Many people want to help others, and seek out ways to do so effectively.
Effective Altruism (Global Health and Wellbeing)
We empower people to use their careers and donations to help others as much as possible.
We believe that individuals can have a huge positive impact on the world by being thoughtful about how they can best use their resources to help others.
We support organizations and projects that enable people to use their careers and donations to improve the lives of humans and animals around the world.
Our work is guided primarily by two observations:
First, there is large variation in the impact that different charitable organizations can achieve. By focusing on important, neglected problems and relying on evidence-based solutions, top charities, such as those recommended by GiveWell, can achieve much more than others with the same donation. GiveWell estimates that the funding it has directed since inception will save at least 200,000 lives.
Second, the career a person chooses is one of the most important decisions they can make — and a career focused on important and neglected problems is likely to achieve much more impact. Today, however, there is a lack of quality resources and guidance that can help people find and pursue these kinds of careers.
The theory of change for this program spans five potential sub-strategies that our grantees might work on.
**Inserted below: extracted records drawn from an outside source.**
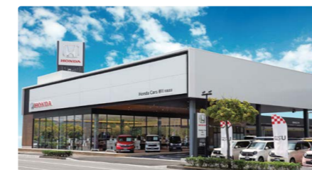
Honda Cars 香川 丸亀北店
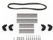
iM20XX-BEZEL Support de platine base
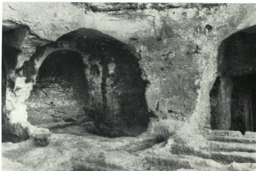
β. Ὑποψις τοῦ παρὰ τὸν διάδρομον μικροῦ νεκρικοῦ θαλάμου (εἰς τὸ μέσον) ἀπὸ Α.
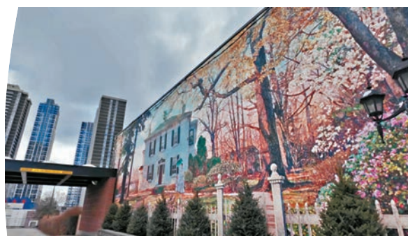
◆多倫多很多街道滿布壁畫，充滿豐富文化色彩。
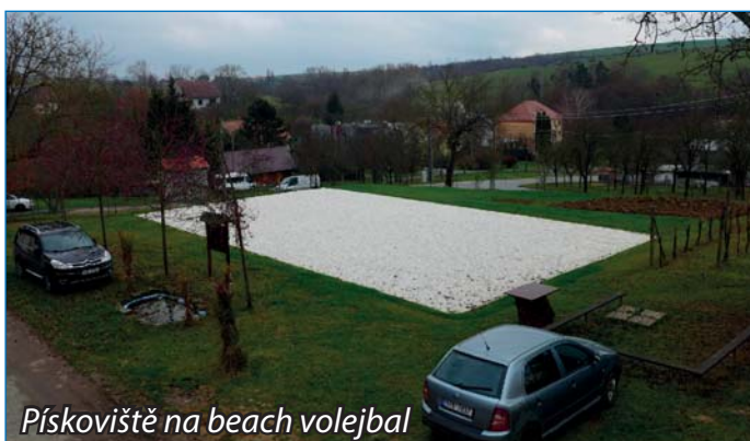
Pískoviště na beach volejbal
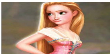
10- The Princess and the Frog (۴.۷۰۰) مىليۇن $، كۆى داھات: ۹۲.۶۰۰ مىليۇن $، بە ۷ ھەفتە، پەلەى پىشوو: ۷.
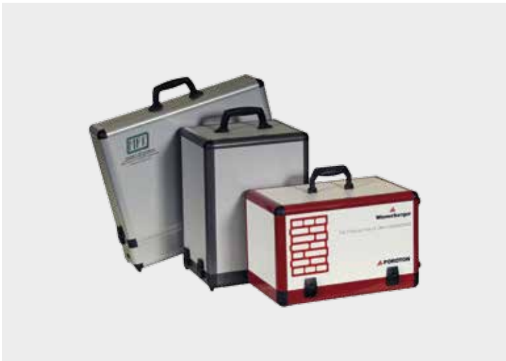
SLX-System als Haubenkoffer mit bunten Profilen
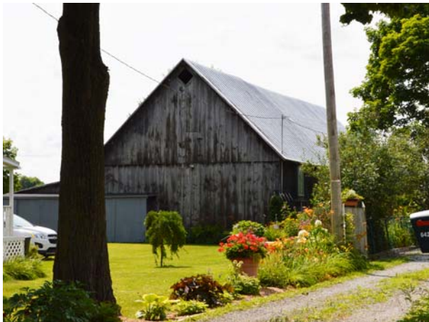
6438, boulevard des Mille-Îles (Saint-François).
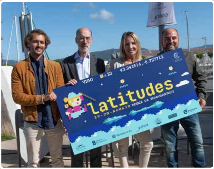
El Puerto de Vigo acoge el "Festival Latitudes" con la presencia de grandes estrellas del rock. The Port of Vigo hosts the Latitudes Festival with the presence of great rock stars.
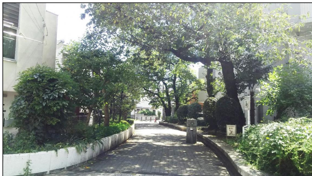
令和元年度工事箇所の現況
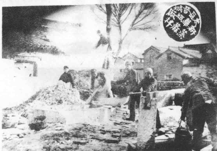
太岳晋城新华纸厂正在蒸麻杆。
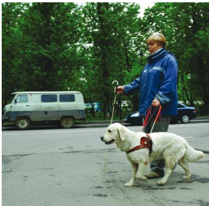
Дрессировка собаки-поводыря: учатся переходить дорогу

Ещё я обращаю внимание на необходимость тщательно изучать жилищные усло-
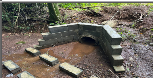
9 | RUA 02 – SERVIÇO EXECUTADO DE TERRAPLENAGEM, DRENAGEM
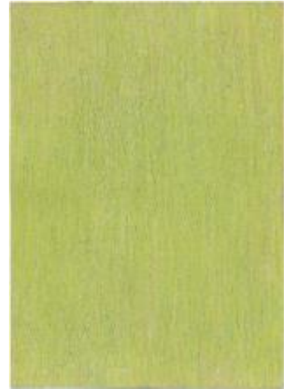
„Besonderes Licht2, 2015 „Sommer“, 2014 „Wiese im September“ 2013 Ölpastell auf Karton je 42 x 30cm
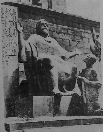
San Mesrob inició el despertar cultural del S. V, y la perpetuó con la creación del alfabeto armenio.

Durante el reinado del rey Vramshabuh (391-414 de J.C.) y el Pontificado de Sahak Barteved (390-439 d.J.C.) comienza para la Nación Armenia un período de breve paz política, atormentada hasta ese instante por persecuciones y matanzas de países invasores. En aquella época, los edictos y resoluciones oficiales, como así también las Sagradas Escrituras, se leían en griego, siríaco y persa. El pueblo armenio carecía de alfabeto, y ante las graves consecuencias que podría acarrear esta carencia para la fe cristiana, Mesrop (Mashdotz) que era un ferviente creyente y "tarkmanich", emprende con la ayuda de Sahak, la tarea de confeccionar un alfabeto armenio. El esfuerzo para realizarlo le insume dos años, entre el 404 al 406 d.J.C., y lo compone de 36 caracteres.
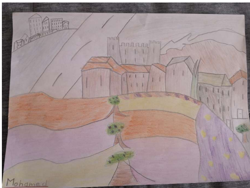
Revisitée par Ivan
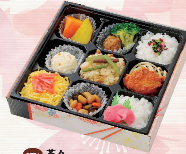
6774 茶々 ちやちや
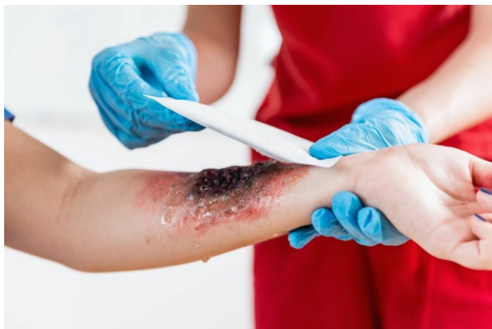
Slika 6 Previjanje opekline
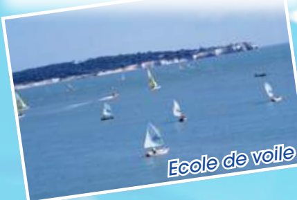
Ecole de voile

à proximité : Parc de l'Estuaire site classé Pistes V.T.T., pistes cyclables, pistes rollers, parcours sportif, équitation en forêt
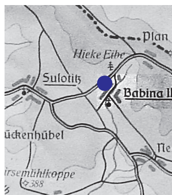
Na mapě 'Karte des Kreises Aussig' (Prof. Blumtritt, 1939) je dokonce zmiňován Tis W. Hieke (Hieke Eibe).
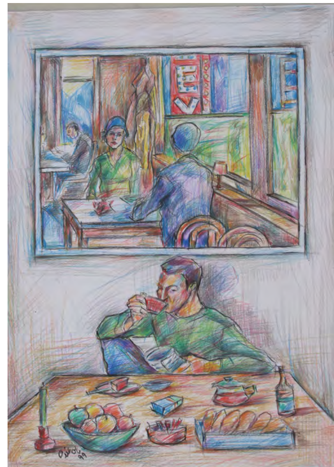
25×35 cm ۲۵×۳۵ cm مداد رنگی روی مقوا Color pencil on cardboard
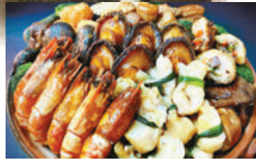
新春節慶限定「傳統手工盆菜」
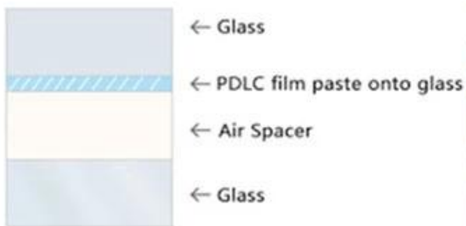
switchable IGU option A
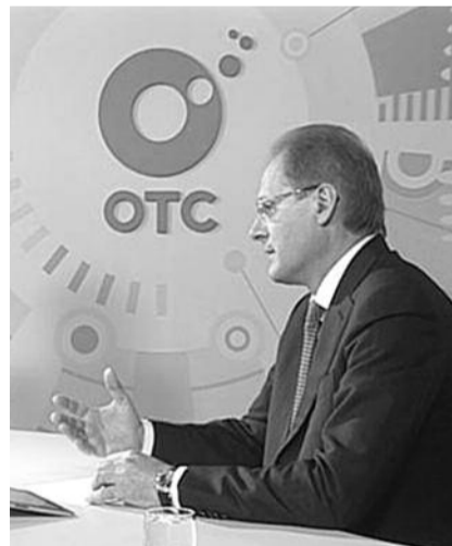
● НА ФОТО: ГЛАВНЫЙ ГЕРОЙ ЭФИРА ОТС

Рабочая группа по контролю за соблюдением закона о равном доступе к СМИ политических партий, представленных в парламенте Новосибирской области, собирается раз в месяц. В нее входят члены
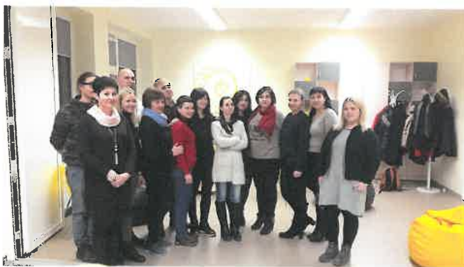
9 pav. Ukrainos Jaunimo ir sporto ministerijos ir NVO organizacijos „SOS vaikai“ atstovų vizitas Utenos rajono savivaldybėje

www.regionunaujienos.lt/ukrainos-jaunimo-organizaciju-atstovu-vizitas-utenoje/ .
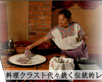
料理クラスト代々続く伝統的レシピ

メキシコの料理シーンは、間違いなくユニークです！伝統的なシェフは、訪問者を温かく歓迎し、伝統を共有します。
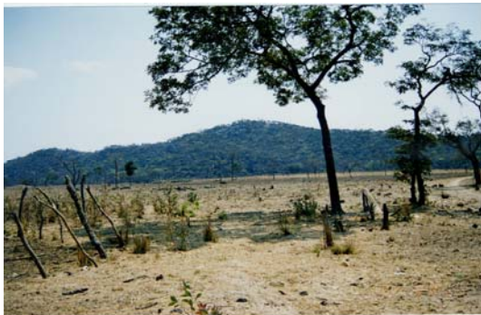
写真5:「開拓」された森林保護区

C村からも、もっと大きな耕地や換金作物生産に有利な低湿地(ダンボと呼ぶ)を求める農民たちが多くこの森に入っていった。1995年の2代目村長の死もこの動きに拍車をかけた。村長の死は土地の汚れや地力の衰えを示すとの理由で、あるいは新村長の自民族(レンジェ)中心主義を嫌って何人もの村人が森林保護区に移っていった。
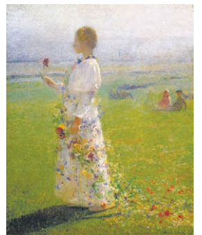
アンリ・マルタン「野原を行く少女」1889年 個人蔵

ひろしま美術館では、1月30日(土)~3月27日(日)まで、「最後の印象派 1900-20's Paris」展を開催する。アンティミスト(親密派)と呼ばれる画家たちが中心となって立ち上げた「画家彫刻家新協会(ソシエテ・ヌーヴェル)」に焦点を当てた展覧会は日本初。印象派を思わせる自然と向き合った穏やかさと、詩情豊かな画風が楽しめる。油彩画約60点、水彩・版画など約20点を展示。入館料は一般1300円、シニア(65歳以上)1100円、高大生1000円、小中学生600円。会期中無休。
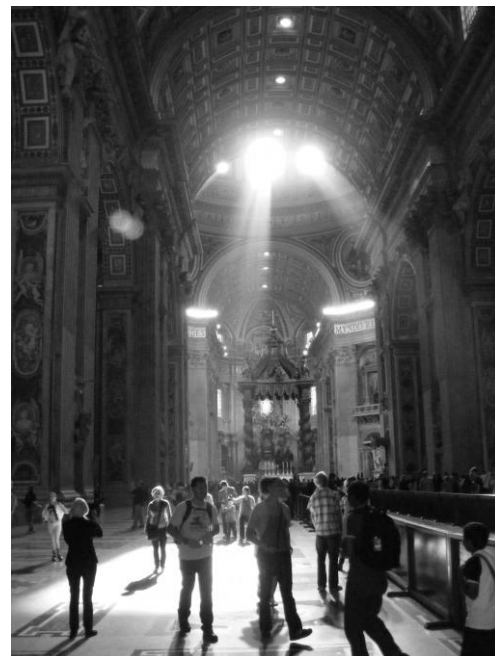
Lúče zapadajúceho slnka v chráme

Z chrámu vyšli naši cestovatelia na Námestie sv. Petra (Piazza San Pietro). Toto veľkolepé námestie bolo založené pred dostavanou Bazilikou sv. Petra v r. 1656 - 1667. Obklopujú ho štyri polkruhové kolonády celkom s 284 stĺpmi a 88 piliermi z travertínu. Uprostred stojí 25,5 m vysoký egyptský obelisk vztýčený na tomto mieste v r. 1586.
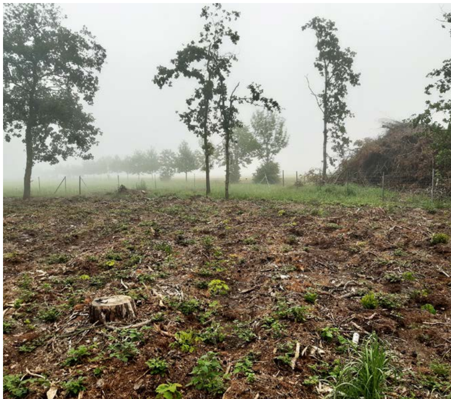
Abb. 1: Waldumbau außerhalb von Schutzgebieten – Abholzung des durch Käfer und Trockenheit geschädigten Kiefernbestandes mit anschließender Wiederaufforstung von Laubbaumarten (Traubeneiche, Stieleiche, Roteiche, Rotbuche, Esskastanie, Bergahorn und Douglasie)

Mit rund 200 Anträgen verteilt auf sieben Jahre wurden am meisten Waldumbaumaßnahmen außerhalb von Schutzgebieten beantragt, gefolgt von der Verjüngung innerhalb von Schutzgebieten. In diesem Zeitraum wurden durch den Landkreis Nordsachsen zwei neue Waldbrandüberwachungsanlagen mit-
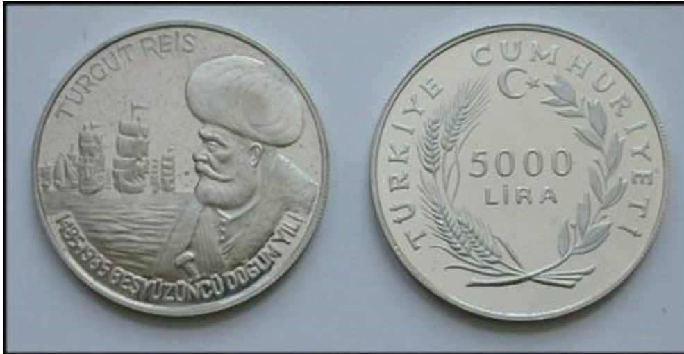
Moneda de curs legal de 5.000 Lires encunyada el 1985 a Turquia

La batalla de Cullera va ser violenta. Els primers reforços provinents de Sueca i Alzira obligaren els corsaris a desembarcar més homes: fins i tot Dragut en persona baixà a terra per contenir la defensa de la vila i donar temps als seus homes a acabar el saqueig i reembarcar. Un cop segurs als vaixells, Dragut hissà la senyera per negociar el rescat dels captius i dels béns, tasca a la qual dedicaren tot el dia 25 de maig (Pardo, 1997; 82).
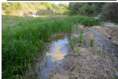
貝カワニナの餌のボカシ
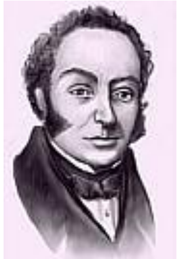
Фергюс О, Коннор (1796-1855)
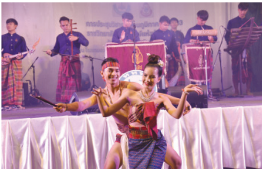
การแสดงโชว์ศิลปะพื้นบ้าน โดย ททท.
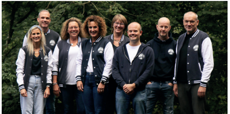
Unsere gesamte Schulleitung
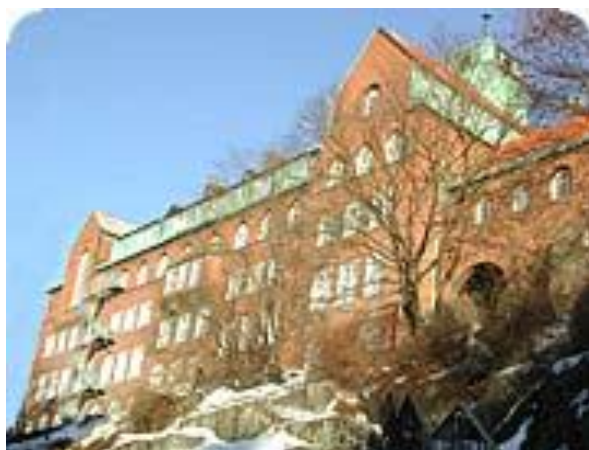
Schartaus handelsinstitut, Stockholm
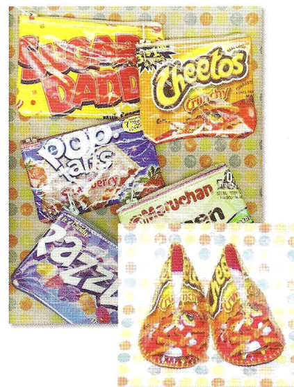
Producten van MoJoTrashion, vervaardigd van verpakkingsmaterialen.

MoJoTrashion is geen project van een kunstenaar maar een Amerikaans webwinkeltje dat producten verkoopt van verpakkingen. Tasjes, etuis, portemonnees, visitekaart-
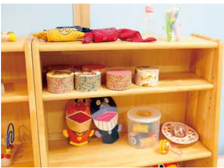
▲手作りおもちゃの展示コーナー

手作りおもちゃの見本を展示しています。ペットボトルやお菓子の空き容器など、身近なもので作れるおもちゃばかりです。作り方のレシピも配布していますので、ご自由にお持ちください。
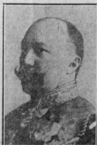
Der russische Finanzminister B. Warf, der die neue russische Finanzaktion einleitete.
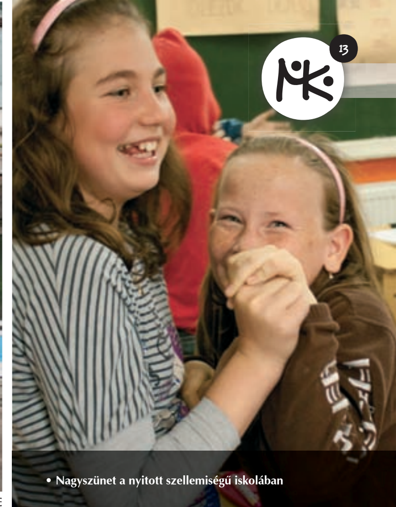
• Nagyszünet a nyitott szellemiségű iskolában
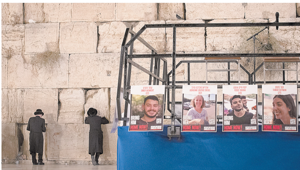
11月7日在耶路撒冷老城“哭墙”前拍摄的以色列被扣押人员海报

以色列政府22日凌晨宣布以军将在加沙地带短时间停火，换取巴勒斯坦伊斯兰抵抗运动(哈马斯)释放部分被其扣押人员。 以色列总理本雅明·内塔尼亚胡21日先后召集战时内阁、安全内阁和全体内阁会议，讨论这份临时停火协议直至22日凌晨。以色列政府在一份声明中说，根据协议，以军将停火4天，哈马斯在这一期间释放50名妇女儿童。今后，哈马斯每释放10名被扣押人员，以军停火一天。 以方称，哈马斯在10月7日针对以色列境内军民目标的突袭中掳走大约240人。 哈马斯迄今释放4人，并称一些在押人员已死于以军对加沙地带的持续空袭。 以色列政府声明并未提及以方将释放部分巴方人员。《耶路撒冷邮报》报道，根据协议，哈马斯将分批释放50名妇女儿童。作为交换，以方将释放大约150名关押在以色列监狱中的巴勒斯坦妇女儿童。另外，临时停火期间，包括燃料在内的人道主义援助物资可进入加沙地带。 哈马斯10月7日自加沙地带突袭以色列境内军民目标，以方称造成大约1200人死亡。以色列随后进入战争状态，对加沙地带发起军事行动。哈马斯21日发表声明说，以军行动已造成加沙地带超过1.4万人死亡，其中将近1万人是妇女儿童，另有3.3万余人受伤，超过6800人失踪。 内塔尼亚胡在以方同意临时停火前说，“我们将要作出一个艰难决定，但这是正确的决定。”他同时警告，这份协议并不意味着以军将终止在加沙地带的军事行动。“我们在进行一场战争，并将继续下去，直至达成全部目标，即消灭哈马斯、解救所有人质，确保加沙地带没有实体能威胁以色列。”
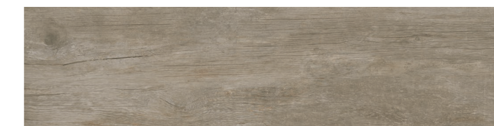
Memory GR 30x120 / 12x48" NAT / HARD RET V3 - USO 5
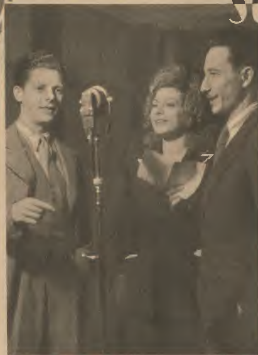
Non... car il ne s'agissait que de fausses barbes. Les voici près du micro tels qu'ils sont dans la vie.
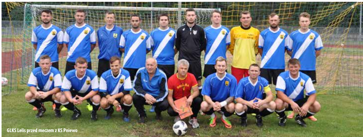
GLKS Lelis przed meczem z KS Pniewo

W sezonie 2019/2020 w rozgrywkach piłkarskiej B klasy w grupie Ostrołęka wystąpi 10 drużyn, w tym 5 z powiatu ostrołęckiego. Są to: GLKS Lelis, Kurpik Kadzidło, Orz Goworowo, Świt Baranowo i ULKS Ołdaki.
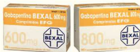
Presentación - Gabapentina Bexal 600 mg EFG. Envase de 90 comprimidos recubiertos. CN 741637. 71,11 €. - Gabapentina Bexal 800 mg EFG. Envase de 90 comprimidos recubiertos. CN 741645. 87,40 €.

B exal Farmacéutica, laboratorio especializado en el desarrollo y comercialización de especialidades farmacéuticas genéricas (EFG), lanza al mercado Gabapentina Bexal 600 y 800 mg EFG . Se trata de un antiepiléptico indicado como monoterapia o terapia combinada en crisis parciales o crisis parciales secundariamente generalizadas. También está indicada en el tratamiento de dolor neuropático. Con estas dos nuevas presentaciones, Bexal completa la gama de presentaciones de gabapentina existentes en el mercado.
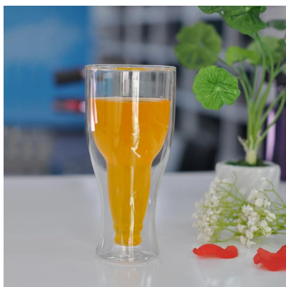
Doble pared doble pared cerveza cristal
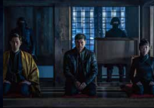
ひめじじょう 世界遺産・国宝 姫路城 Himeji Castle
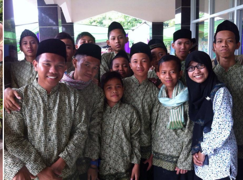
santri Pon-Pes Ad-Dhuha bersama penulis
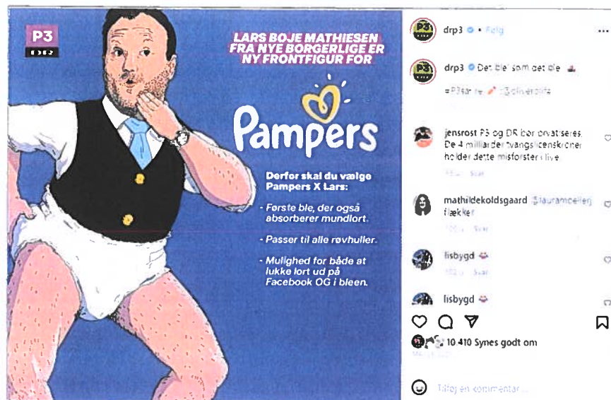
Meme med Lars Boje Mathiesen, medlem af Folketinget, kortvarig formand for partiet Nye Borgerlige, men nu losgænger.

gratis menstruationsbind til kvinder ironisk spurgte, om der så også skulle "være underbukser på offentlige toiletter, hvis jeg går en tur og spontant skider i mine bukser?". Kommentaren satte gang i en shitstorm på de sociale medier – blandt andet kritiserede flere kvinder ham for ikke at kende til, hvordan en menstruerende krop fungerer. DR gjorde på Instagram-profilen drp3 sagen til et udgangspunkt for et meme, hvor Boje blev fremstillet som en person, der har svært ved at holde på sin afføring, og som derfor selv kunne have gavn af tilbuddet om gratis hygiejneprodukter. Ordene "røvhuller" og "mundlort" peger på det yderst ironiske ved, at en folkevalgt politiker, der ovenikøbet fungerede som sit partis ligestillingsordfører, ikke i tilstrækkelig grad formåede at anerkende de udfordringer, der er forbundet med det at være menstruerende kvinde. På den måde begår memet karaktermord på Boje ved at fremstille ham som et usympatisk "røvhul", der udtaler sig om ting, han dybest set ikke ved noget om, men som man forventer, han burde kende til.
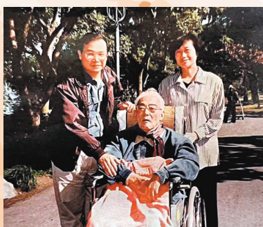
◆ 1995年秋，潘耀明在杭州探訪巴金。
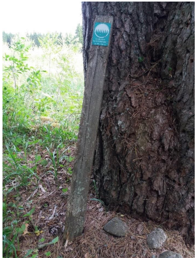
Kuva 15 Luonnonmuistomerkki-kyltti ennen kunnostusta.
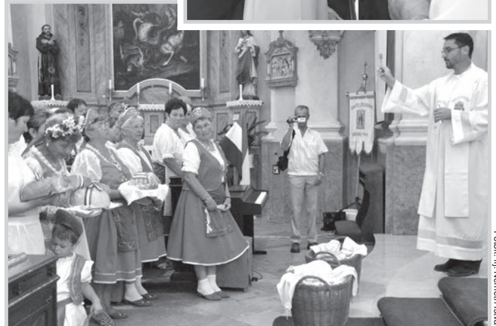
Fotók: ill. Németh István
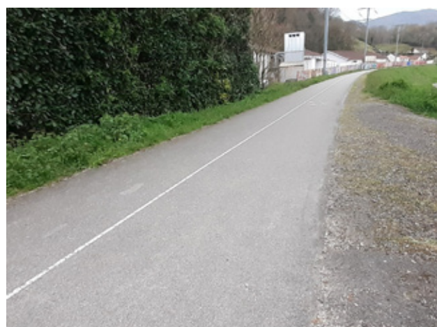
Gauche : piste cyclable de l'ENIT (Tarbes) ; Droite : Voie verte des Gaves (Lourdes)

Le réseau est structuré en trois niveaux :

Our funding so far has focused on (1), (2), and (3):
- Raise funds for highly effective charities
- Enable people to have a greater impact with their careers
- Found and incubate new charities working on important and neglected interventions
- Conduct research to find especially cost-effective interventions
- Provide infrastructure to support people implementing the principles of effective altruism in ways that further items (1) through (4).
We launched this program in July 2022. In its first 12 months, the program had a budget of $10 million. This focus area uses the lens of our global health and wellbeing portfolio, just as our global catastrophic risks capacity building area uses the lens of our GCR portfolio.